Упоминание Виргилия и Данте в седьмой главе, когда описывается присутствие, где совершатся купчие крепости, носит иронический характер: с «Виргилием», который «прислужился Данту», сравнивается один из незначительных чиновников. В присутствии «новый Виргилий почувствовал такое благоговение, что никак не осмелился занести туда ногу и поворотил назад» (VI, 144). В «Божественной комедии» Данте Алигьери (1265–1321) Виргилий, римский поэт, ведет автора по кругам ада. Страх чиновника в поэме Гоголя становится пародией на тот страх, который может испытывать человек, ожидающий возмездия за свои грехи и видящий, какие наказания ожидают грешников.

Любопытно, что если в первых главах упоминались книги, пусть редко, но встречающиеся в домах помещиков, то в «городских» главах автором избран иной принцип освещения начитанности героев. Мир литературы в тексте проявляется через определенную систему ассоциаций, стилевых уподоблений, то серьезных, то пародийных, он неоднократно заявляет о себе, хотя в губернском городе он явно оттеснен на периферию; он играет немаловажную роль в выявлении тех возможностей, которые скрыты в человеке и о которых он сам подчас не догадывается.

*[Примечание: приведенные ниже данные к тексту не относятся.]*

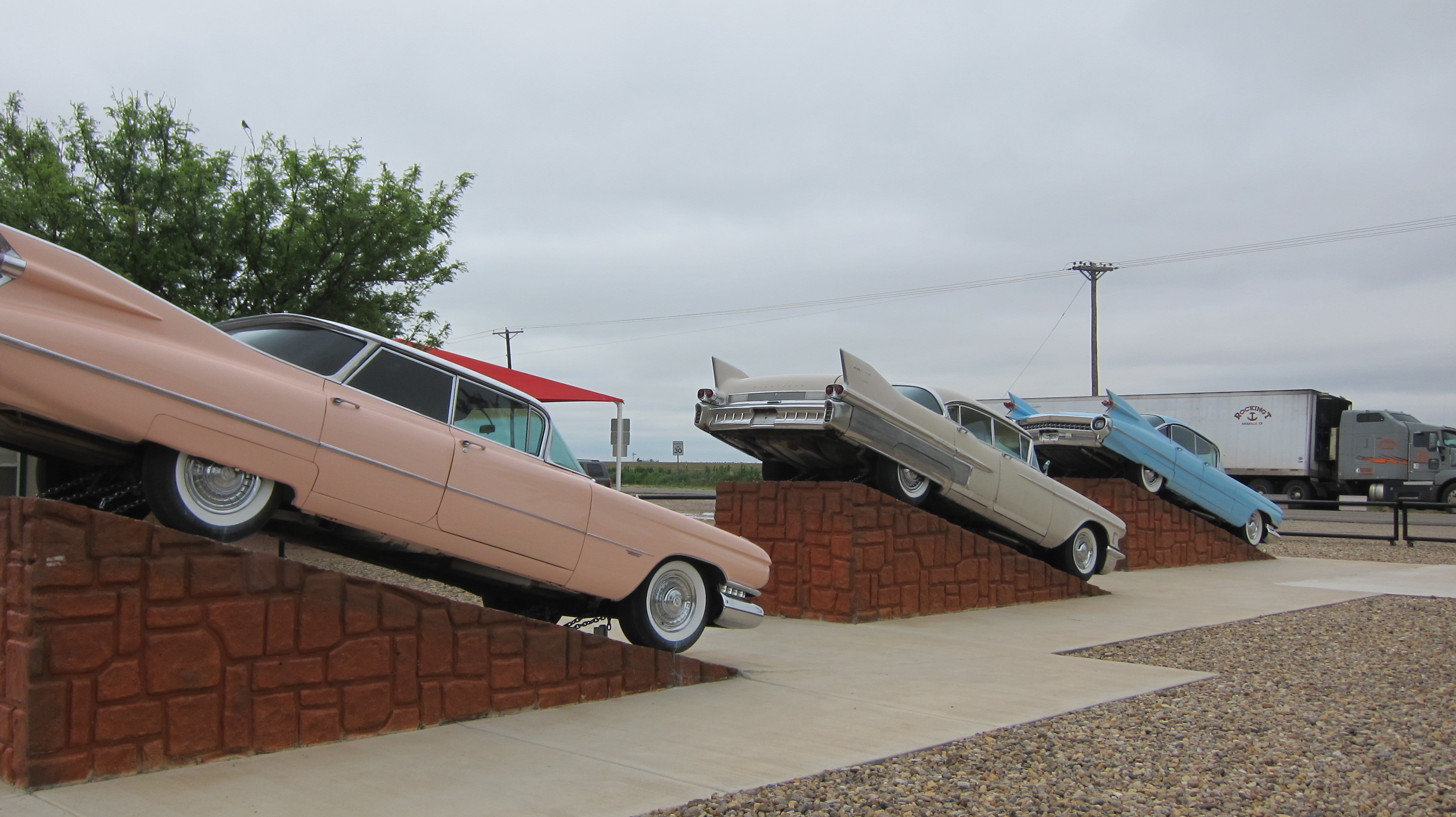 Cadillac Ranch – the cars are in a pretty big puddle after the horrendous rains in Texas in the past number of weeks.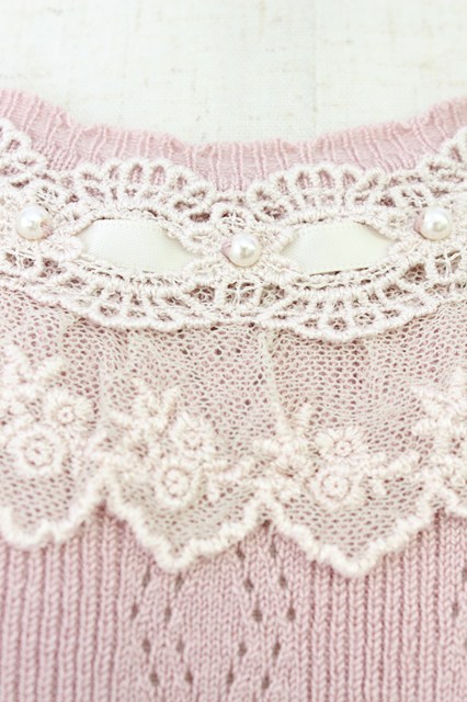 axes femme / クロス編みニットプルオーバー ピンク T-26-03-24-012-AX-TO-SA-ZT

После окончательного оформления покупки Чичикова чиновники отправляются к полицеймейстеру отпраздновать событие. «В непродолжительное время всем сделалось весело необыкновенно» (VI, 151). Председатель палаты, обращавшийся к Чичикову со словами: «Душа ты моя! маменька моя!», «пошел приплясывать», припевая камаринскую. Можно было бы сказать: вот и мгновение национального культурного единства: плясовая песня, популярная в народе, пришлась кстати и в чиновничьем кругу. Но неожиданнее всего для читателя повел себя Чичиков: начав говорить «о трехпольном хозяйстве», он повел речь «о счастии и блаженстве двух душ», а затем «стал читать Собакевичу послание в стихах Вертера к Шарлотте» (VI, 152).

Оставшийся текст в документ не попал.